The church house remained in this dilapidated condition for several years. Mrs. Frazer says, “A Baptist will not always remain down and under.” Therefore, in 1866-67 under the inspiration of her father-in-law, a layman, Mr. Alexander Frazer, a second building on the same foundation was erected.

Miss Mildred McElhaney, the oldest native member of this church, has presented three pictures of the earliest church buildings to the Church Library. Miss McElhaney will be ninety-two years of age this year (1966). She united with this church by baptism on May 28, 1885.

This building, an exact reproduction of the first one, was an old fashioned one-room structure, with a long, wide porch across the front from which there were two entrances, one for the men, the other for the women and children-because the men occupied pews on one side of the house; women and children the other.

Second building housing First Baptist Church on present site.

The pulpit was an old box concern with steps on either side and doors to “close the preacher in securely.” The building seated about two hundred people including the negroes who occupied the back pews, for there were no negro churches in those days.

The musical instrument was a melodeon, a small reed organ. A Mrs. Swanson, a very modest and timid little woman, agreed to play the melodeon for the church services if a curtain could be drawn in front of her in order that she might not be seen. Therefore, the melodeon was placed in the center of the church surrounded by a green curtain which enclosed the organist and choir.

In 1892 a new and more pretentious building was erected. The lumber was secured from the plantation of Mr. T. O. Wright and prepared by Mrs. Wright’s father, Mr. Parkinson. Mrs.
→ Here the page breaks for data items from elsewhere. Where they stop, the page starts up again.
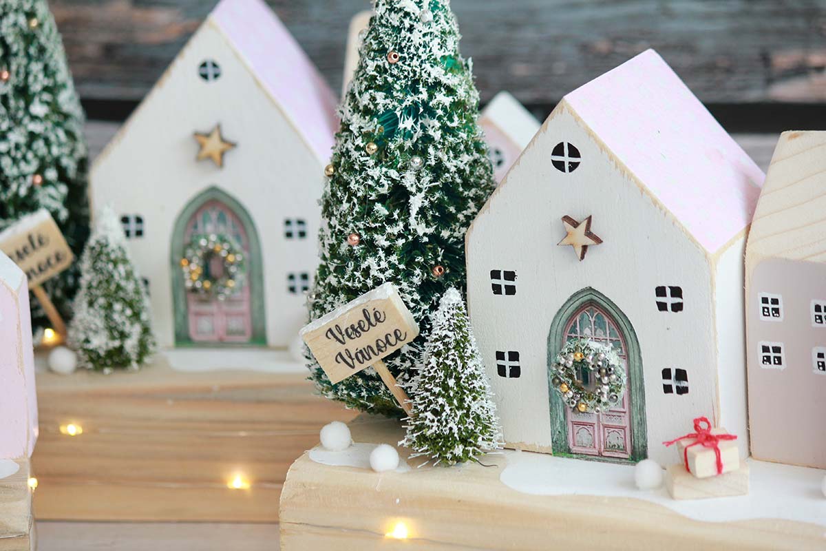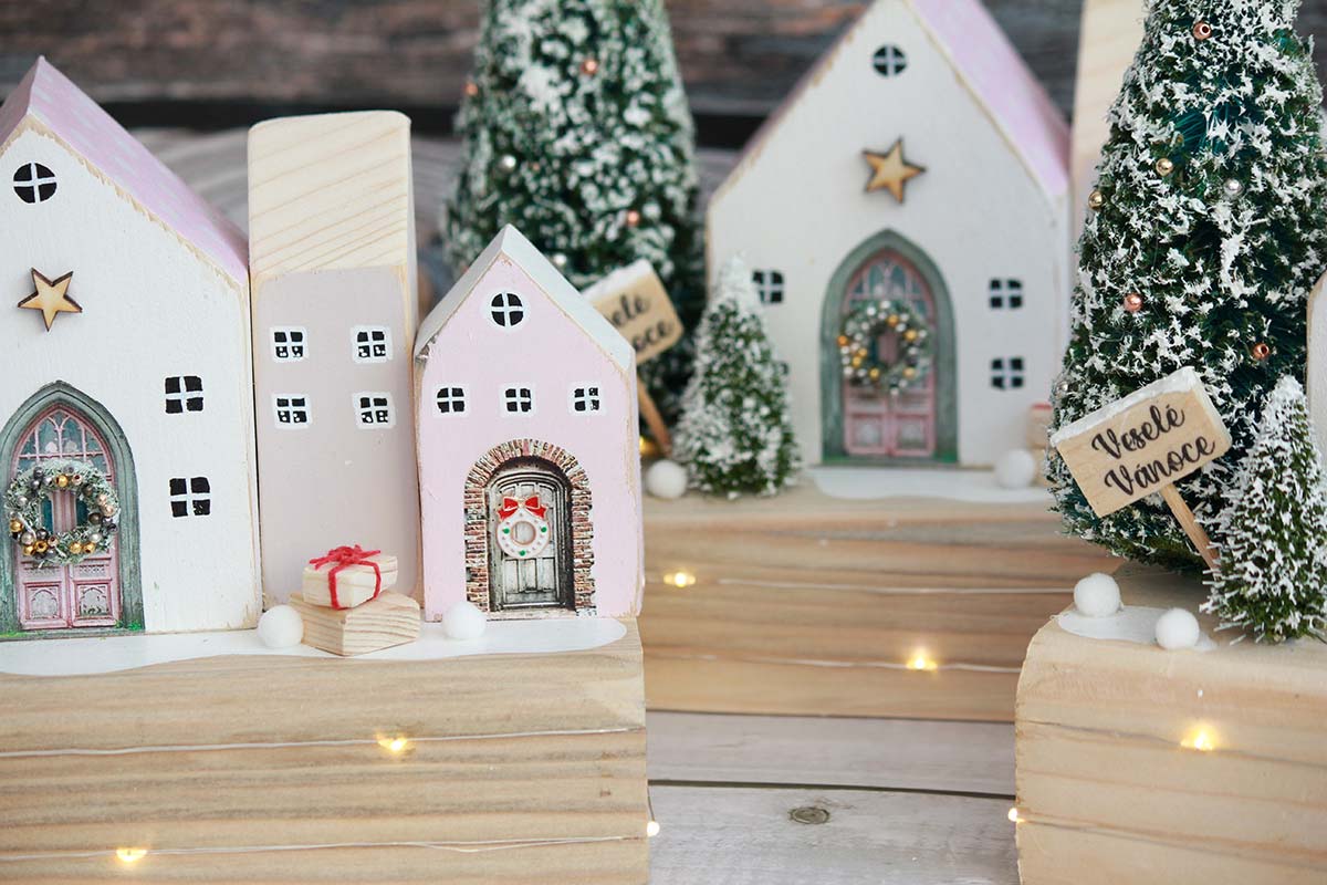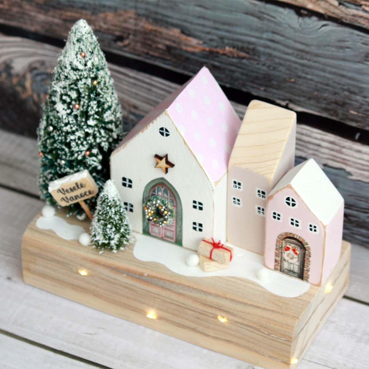 A beautiful set of decorative houses with lights, everything is handmade from our workshop. The houses are made of solid wood and hand decorated and painted.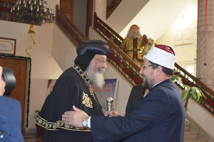 It explained that the visit came to congratulate Copts on Christmas, which is a worldwide occasion that coincides with birth of Prophet Mohamed.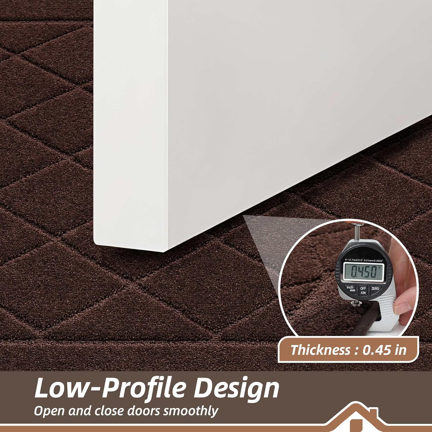 - Stylish and Low Profile Design: Fashionable geometric patterns are suitable for most kinds of home décor. Our doormats measure 20" x 32" x 0.45", low-profile design and reinforced overlock edges to ensure that doors won't get stuck or the door rug go curling. Note: Please confirm the height of the door gap before purchasing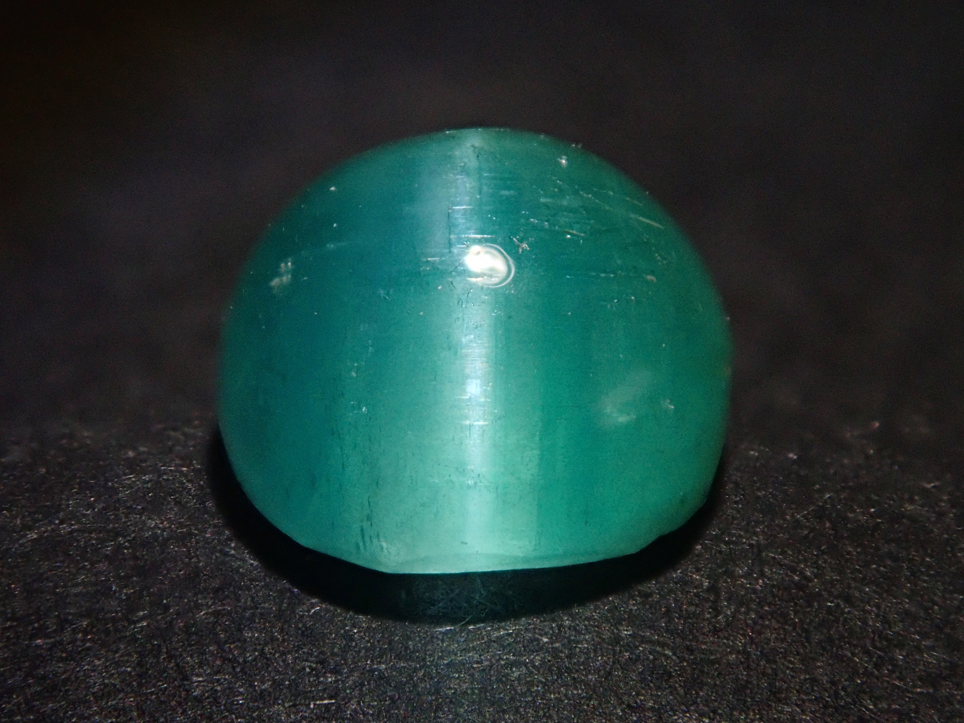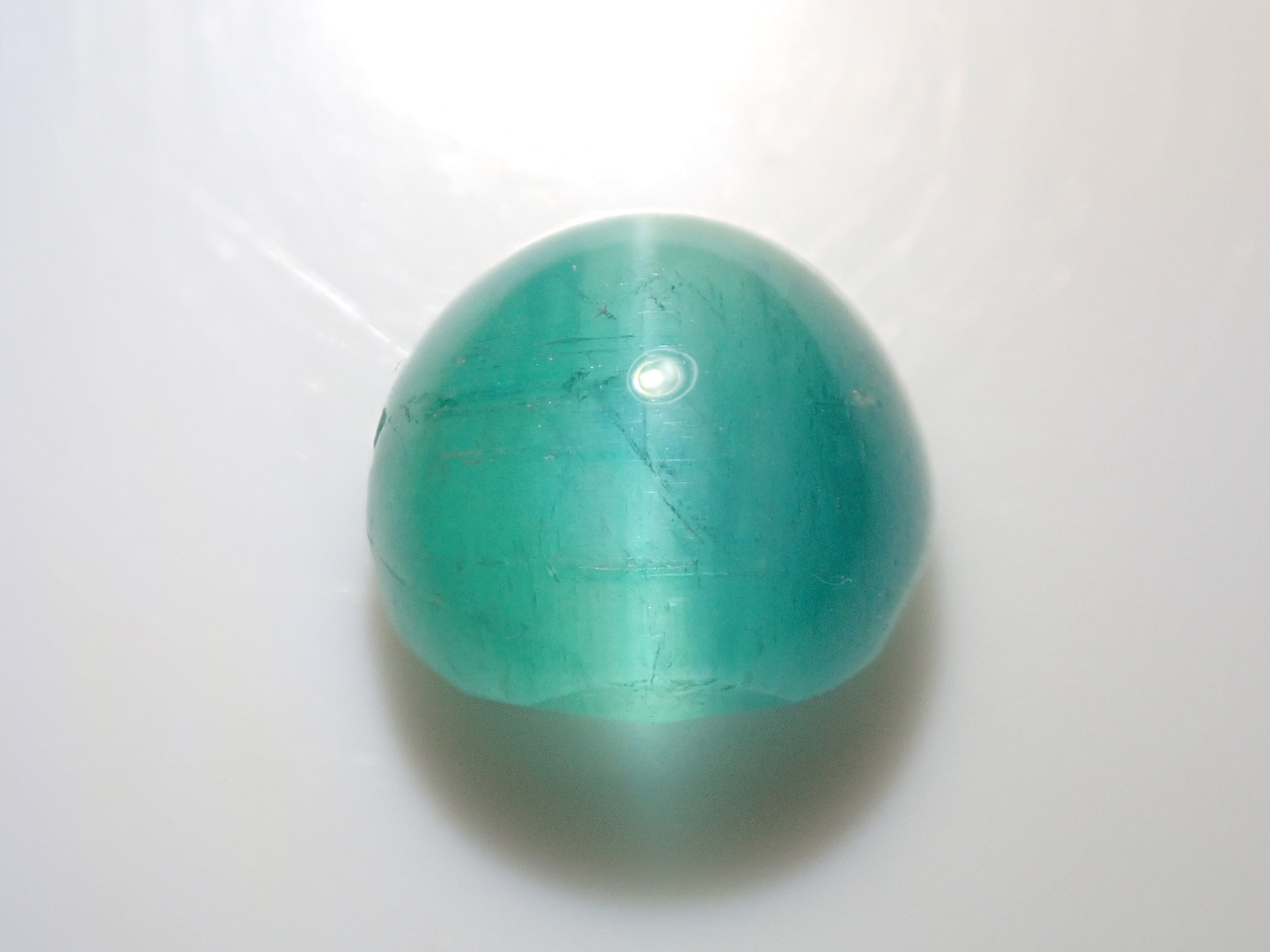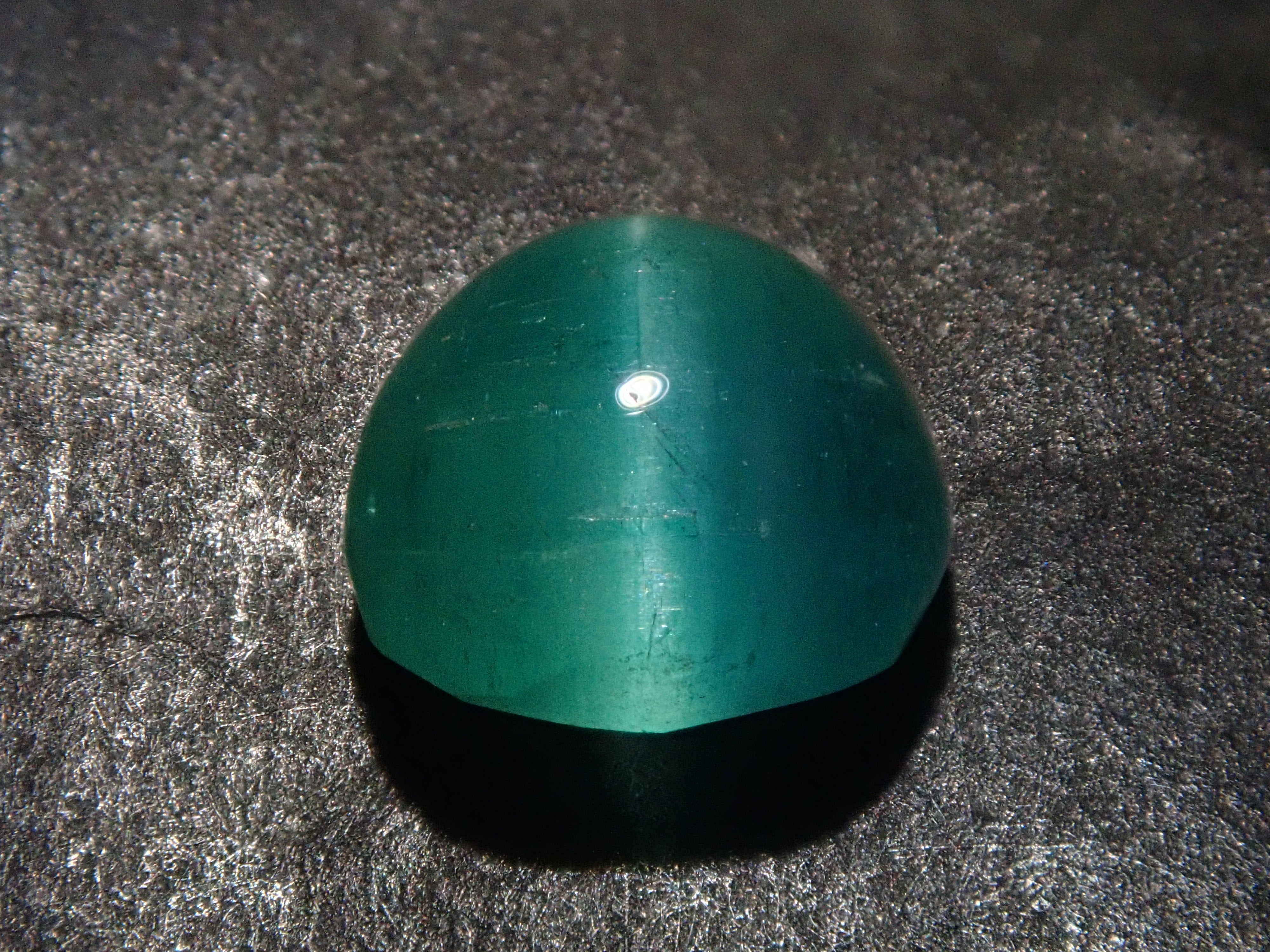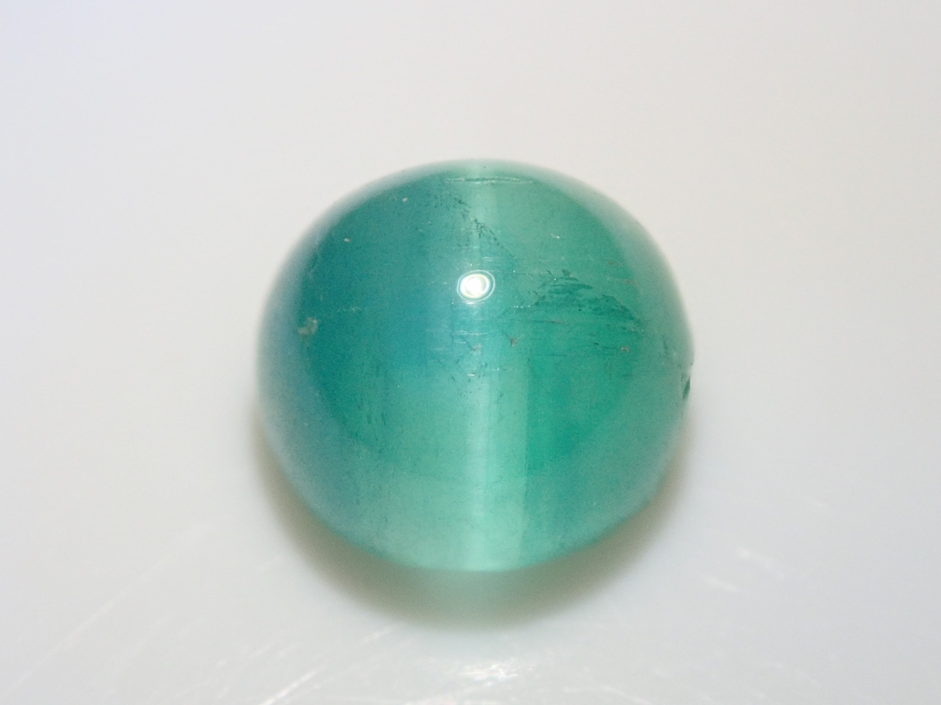 祖母綠是一種因受到埃及豔後克莉奧佩特拉的喜愛而聞名的寶石。它也是一塊有瑕疵的石頭,以至於有「無瑕疵的祖母綠與無瑕疵的人一樣少」之說。因此,通常使用油處理來使刮痕不那麼明顯。當暴露在光線下時,您可以看到貓眼效應(貓眼)。溫柔與清新融為一體的表情非常吸引人。照片是使用筆燈拍攝的。石頭的背面基本上是未拋光的。祖母綠貓眼石,重約 1 克拉。
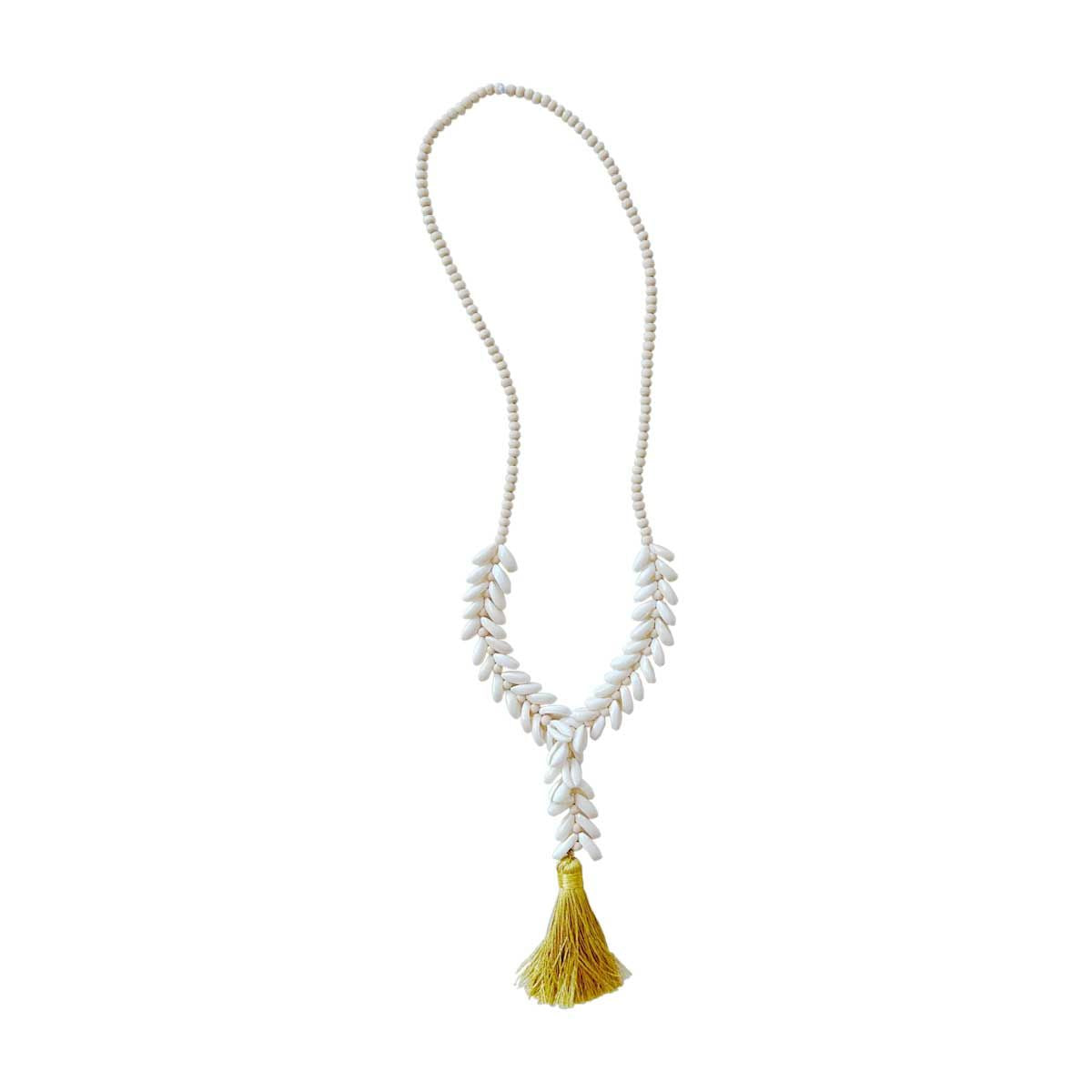 *Cowrie Necklace Beads with Tassel Pendant, Yellow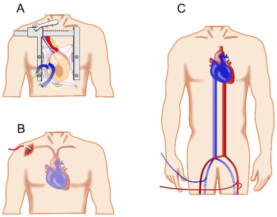 Illustrations of cannulation strategies for cardiopulmonary bypass, including central cannulation (A), right axillary arterial cannulation (B), and femoral cannulation (C).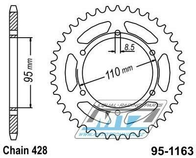 Rozeta ocelová (převodník) 1163-45zubů MTZ - Cagiva 125 SXT Aletta Rossa WSX Trail / 83-87 + 125 Elefant / 84-88 95-1163-45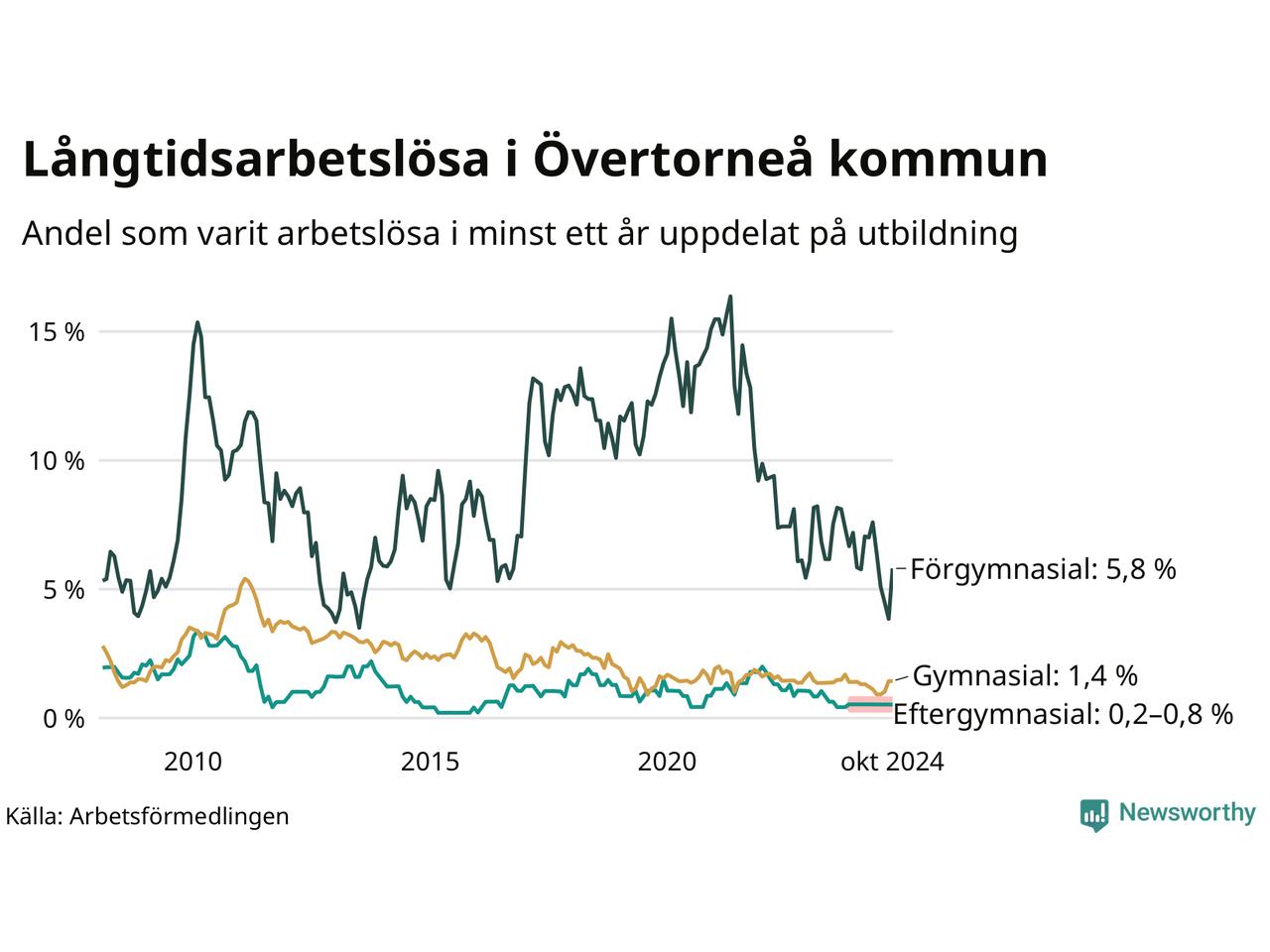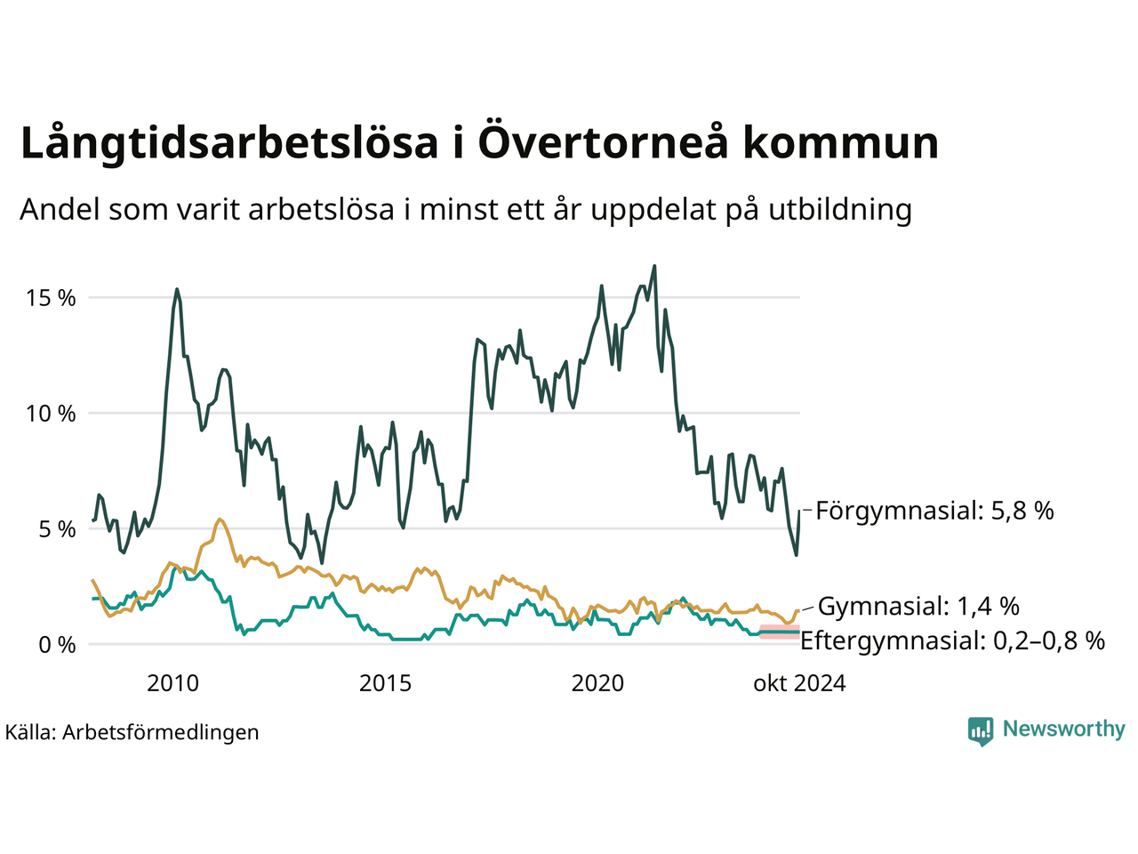 | Andel arbetslösa i minst två år | 0,7 % | 0,8 % | 1,5 % |

J. T. Williamson (Bessie Wright) and Mr. Emil Wright are daughter and son of Mr. and Mrs. T. O. Wright and grandchildren of Mr. Parkinson.

This building had three Sunday school rooms across the rear and beautiful stained glass windows. There were two entrances, one facing College Street, the other Tichenor. This building was located about where the south end of the present Sunday School Annex extends. It faced College Street as did the other two buildings.

As the college enrollment increased and the town’s population grew, an annex was added to this building in 1910. The south side of the building faced Tichenor Avenue. It provided seven Sunday school rooms and seating for more than two hunched people.

On the second Sunday, May 1911, the Sunday school observed Mother’s Day for the first time. In those days college students wore uniforms at all times and went to Roll Call on the campus at 10:30 A.M. every Sunday then marched to the church of their choice for preaching service. As time passed the congregation also outgrew this building.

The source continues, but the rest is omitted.